Kinsearching October 7, 2012




Marleta Childs
P. O. Box 6825
LUBBOCK, TX 79493-6825

     Award-winning author Martha W. McCartney has compiled another publication that is bound to bring her even more acclaim: JAMESTOWN PEOPLE TO 1800: LANDOWNERS, PUBLIC OFFICIALS, MINORITIES, AND NATIVE LEADERS. As the subtitle implies, her data concerns not only the town’s inhabitants of European descent but also more than one hundred Native Americans who visited the Virginia capital and approximately one hundred Africans and African Americans, many of whom were slaves. In addition, she furnishes information pertaining to more than a thousand people who did not own land on Jamestown Island but whose activities brought them for an extended time to America’s first permanent English settlement. Among this group of individuals are governors, members of the Council of State, burgesses, merchants, and mariners.

     Since her resources include a variety of county records, she explains in the introduction the various geographical regions and the history of Virginia’s original counties and their division into other counties. Maps showing the boundaries at different times during the seventeenth century accompany the narrative. In a separate section, McCartney tells the history of Jamestown from its creation and eventual establishment as Virginia’s first capital to its economy and the introduction of slavery to the impact of Bacon’s Rebellion in 1676, the American Revolution, and the War of 1812 upon the area.

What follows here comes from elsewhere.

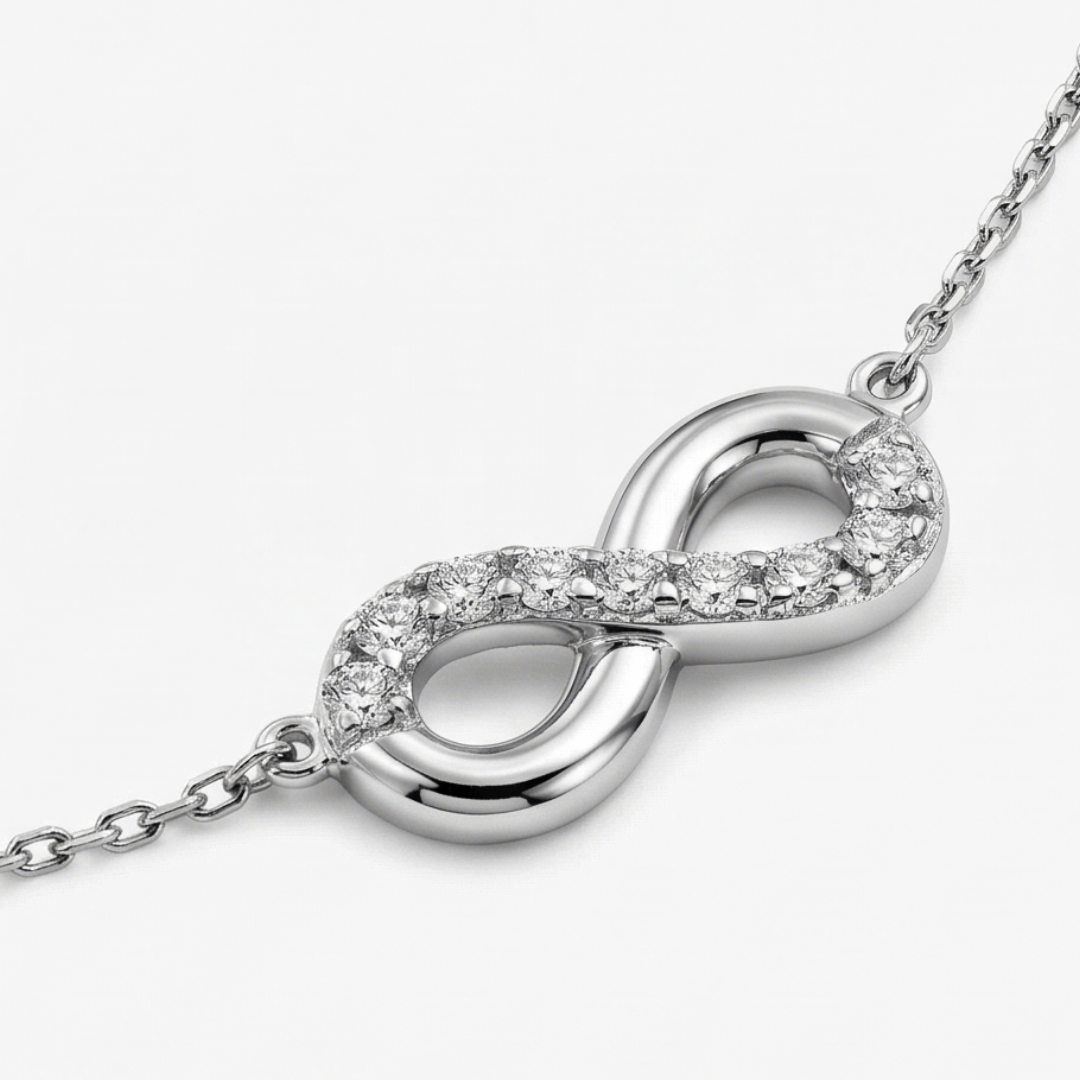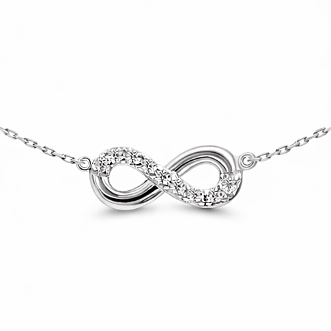 Srebrny naszyjnik nieskończoność z cyrkoniami – symbol wiecznej miłości

     Naturally, the major part of the publication consists of biographical sketches arranged in alphabetical order. In the preface, McCartney states that she condensed data on some of the earliest people because she supplies fairly complete biographies in her previous book, VIRGINIA IMMIGRANTS AND ADVENTURERS, 1607-1635: A BIOGRAPHICAL DICTIONARY. However, her extensive use of additional resources led to her augmenting some of the sketches. Although the length of the entry for each man, woman, and child ranges from nearly a page to only one sentence, McCartney provides the source of the material. A glance through the hundreds of entries shows how multicultural Jamestown society really was.

     Like McCartney’s other publications, JAMESTOWN PEOPLE TO 1800: LANDOWNERS, PUBLIC OFFICIALS, MINORITIES, AND NATIVE LEADERS is a comprehensive, authoritative, fully documented work based on a multitude of primary and secondary sources. Deserving much praise, the book will be a valuable addition to all genealogical library collections, where it is guaranteed to receive much use.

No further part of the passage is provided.